Now, Dorothy, don't be bashful. Here's your sister and your cousin and your aunt waiting for the horrifying revelation. What has happened?"

"I'll tell you what is going to happen, Kate," said the girl, smiling at the way the other ran on. "Mrs. Captain Kempt will perhaps consent to take you and me to New York or Boston, where we will put up at the best hotel, and trick ourselves out in ball costumes that will be the envy of Bar Harbor. I shall pay the expense of this trip as partial return for your father's kindness in getting me an invitation and your mother's kindness in allowing me to be one of your party."

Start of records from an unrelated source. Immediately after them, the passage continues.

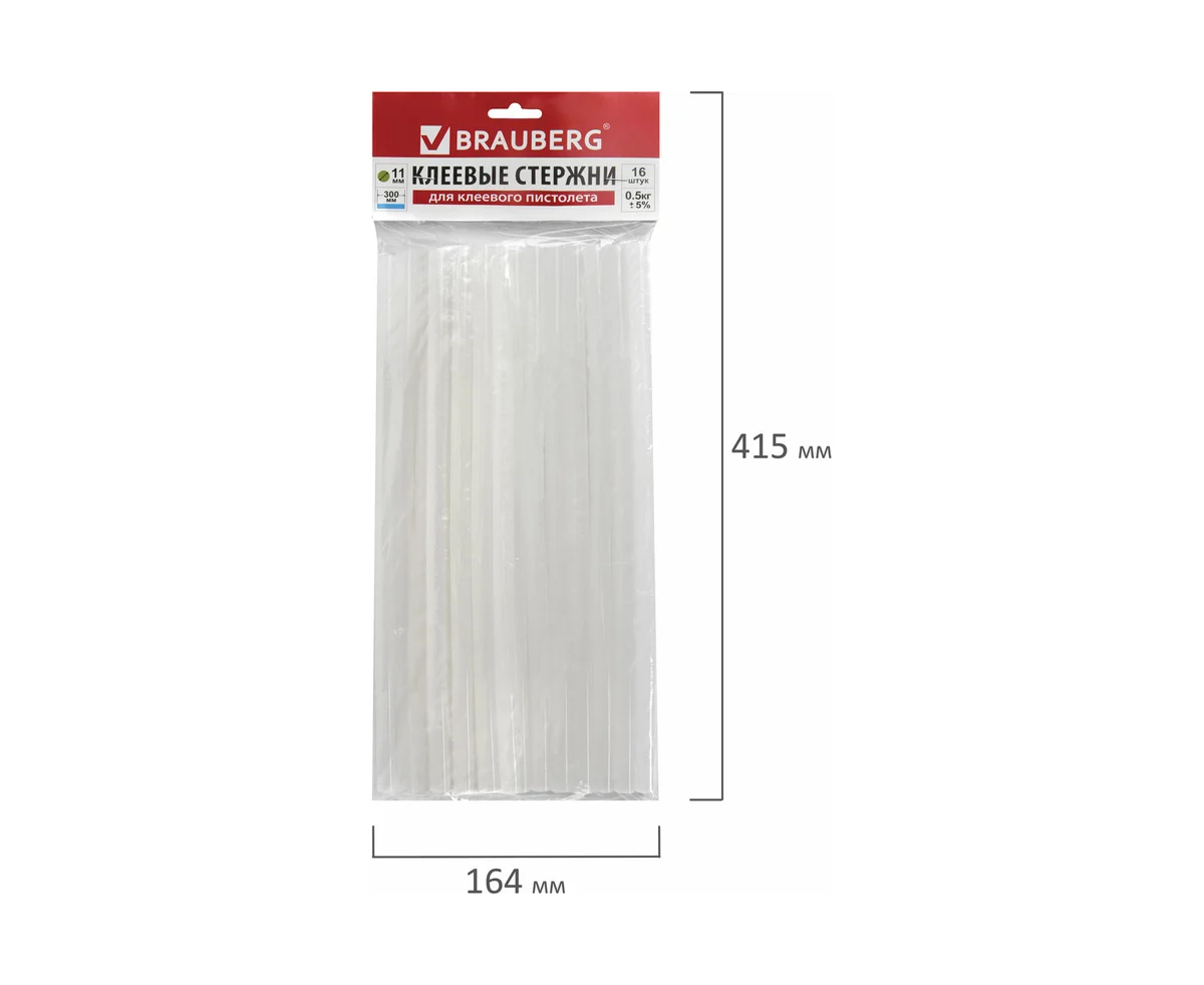 Клеевые стержни BRAUBERG 670295 диаметр 11мм, длина 300мм, прозрачные, комплект 16 штук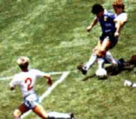 在阿根廷队同英格兰队的一场复赛中,马拉多纳的两个进球为世界杯赛历史所铭记:他先是借助『上帝之手』把球送入英格兰队的大门,成为最有争议的进球;而后他带球连续晃过5名防守队员,把球射入空门,这一入球被列为最精彩进球。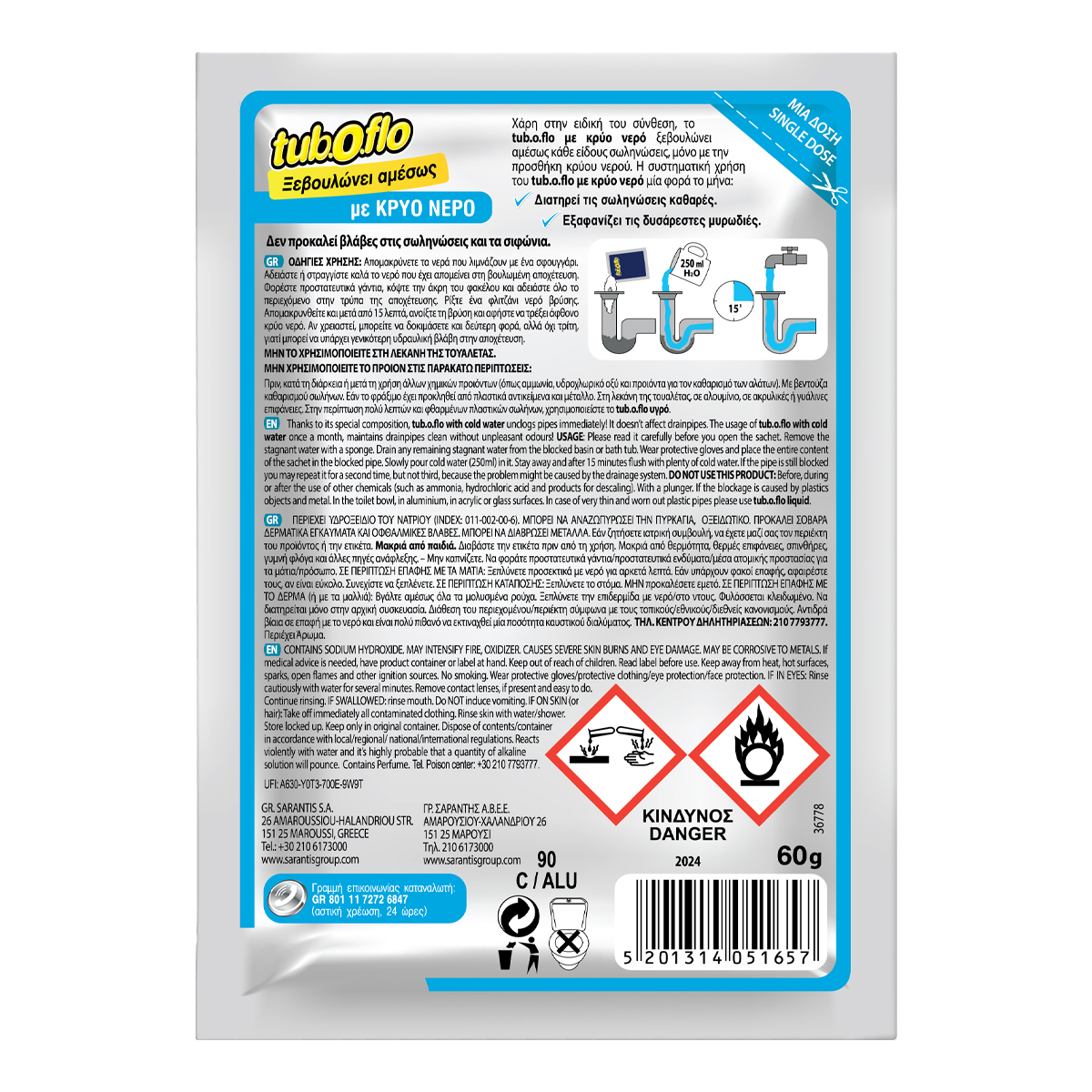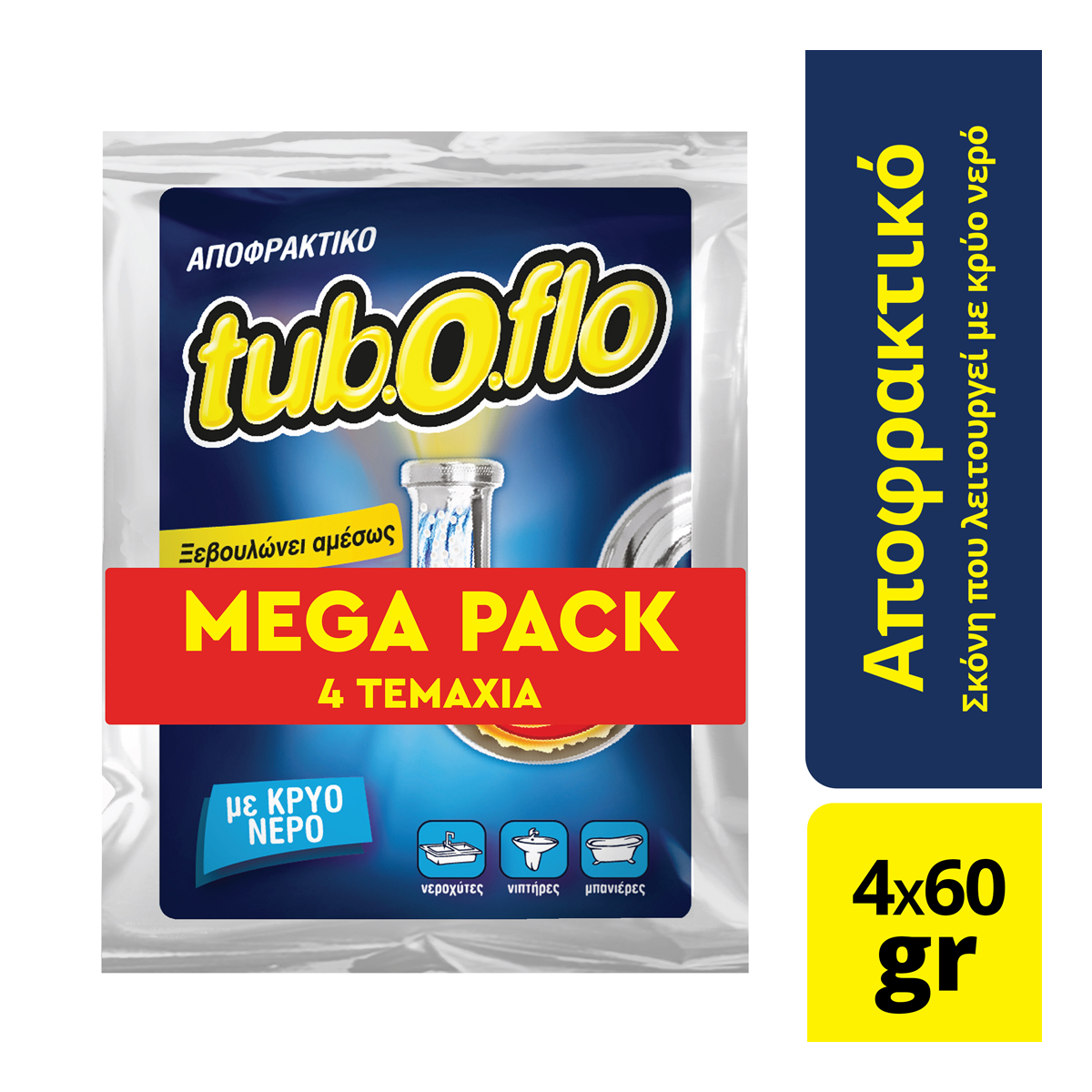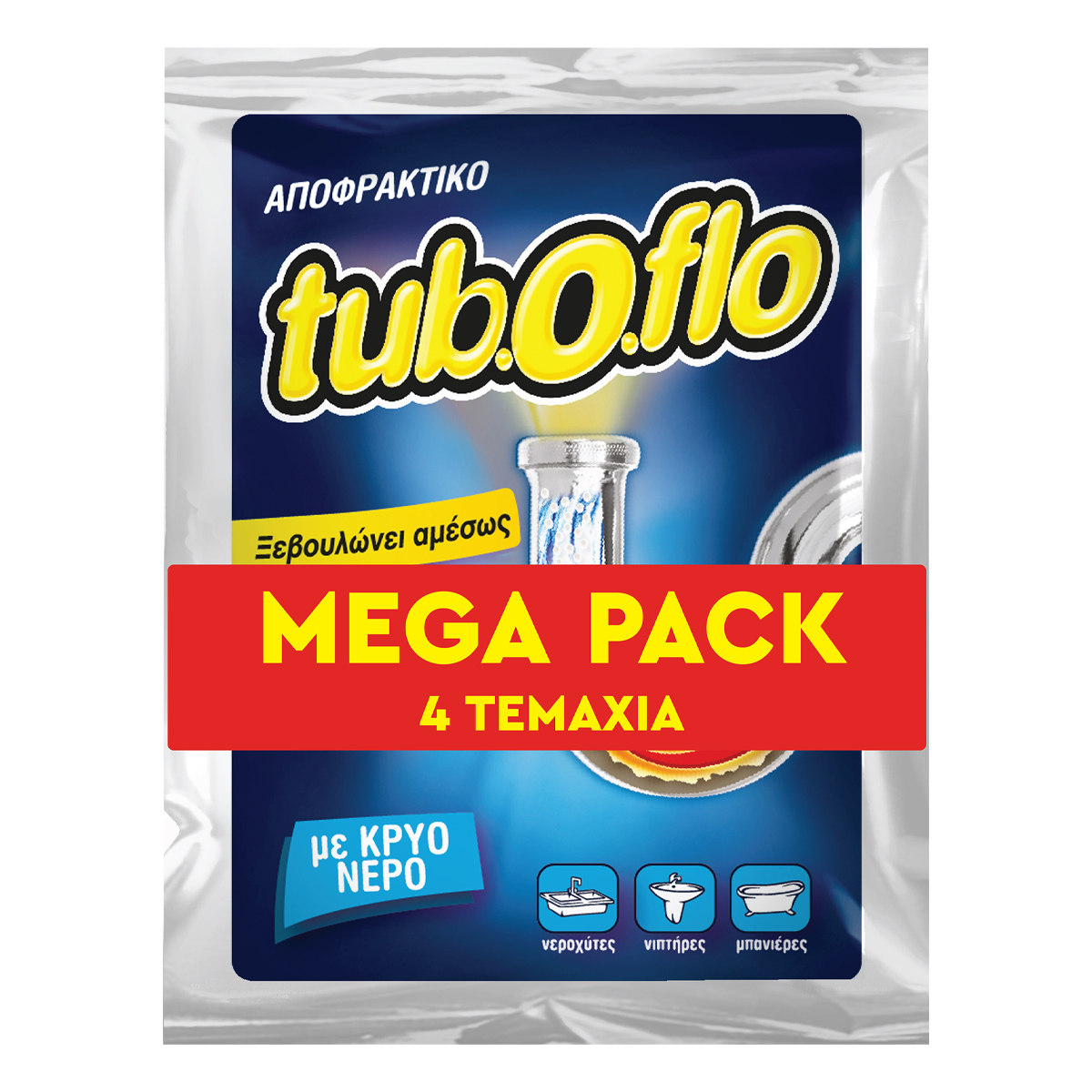 Χάρη στην ειδική του σύνθεση το Tub.o.flo με κρύο νερό ξεβουλώνει αμέσως κάθε είδους σωληνώσεις, μόνο με την προσθήκη κρύου νερού. Η συστηματική χρήση του Tub.o.flo με κρύο νερό μια φορά το μήνα: 1)Διατηρεί της σωληνώσεις καθαρές. 2) Εξαφανίζει τις δυσάρεστες μυρωδιές. 3)Δεν προκαλεί βλάβες στις σωληνώσεις και τα σιφώνια.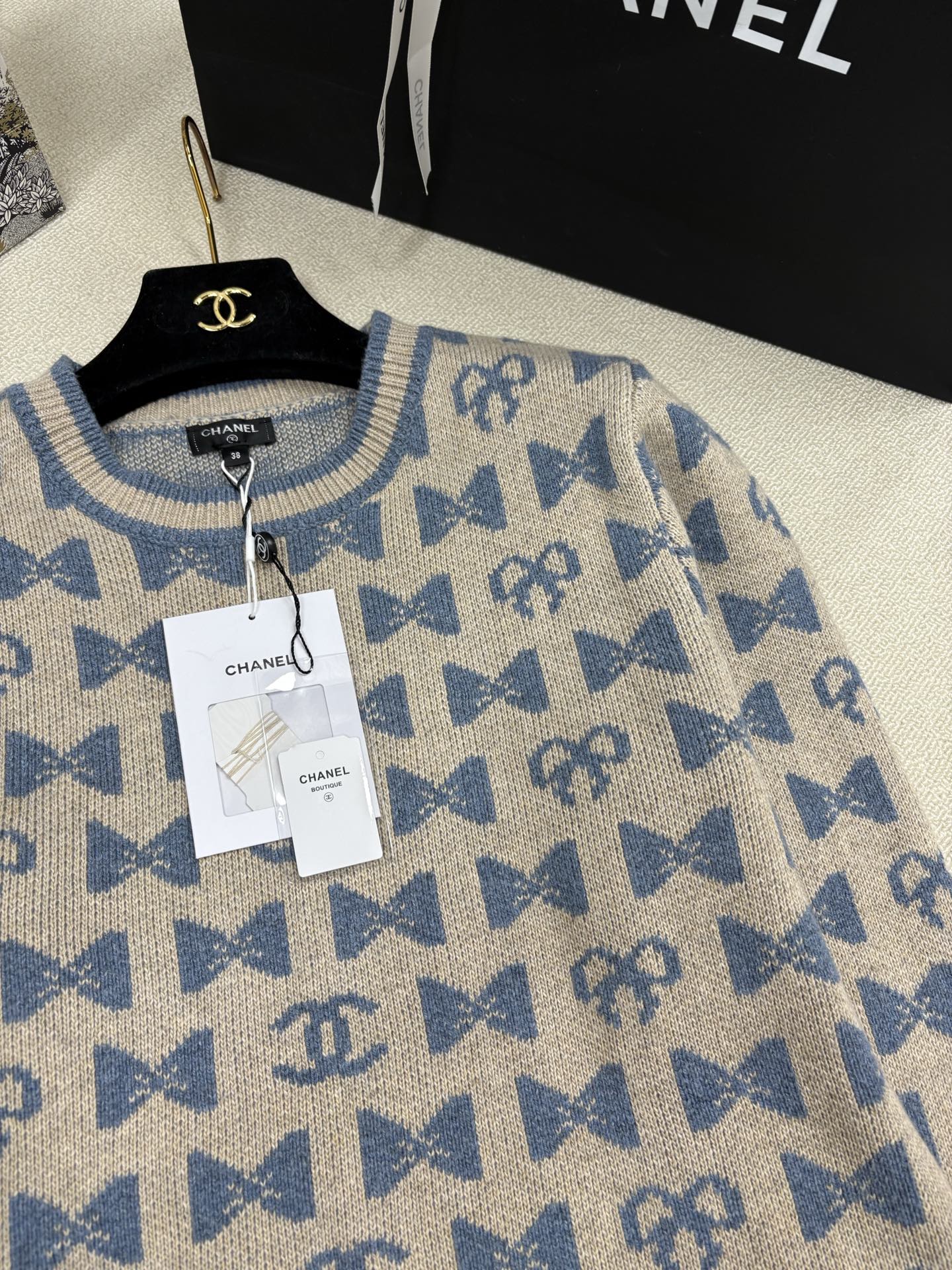这款衣服是AAAAA 1:1 质量 (非常棒). 使用了和原版一模一样的材料. 商标部分也保持了和香奈儿/Chanel一样. 图片拍摄是实物衣服拍摄, 您所收到的实物保证和我们图片一模一样.

"Oh, then it isn't an elopement, but a legacy. Has the wicked but wealthy relative died?"

"Yes," said Dorothy solemnly, her eyes on the floor.

"Oh, I am so sorry for what I have just said!"

"You always speak without thinking," chided her mother.

"Yes, don't I? But, you see, I thought somehow that Dorothy had no relatives; but if she had one who was wealthy, and who allowed her to slave at sewing, then I say he was wicked, dead or alive, so there!"

"When work is paid for it is not slavery," commented Sabina with severity and justice.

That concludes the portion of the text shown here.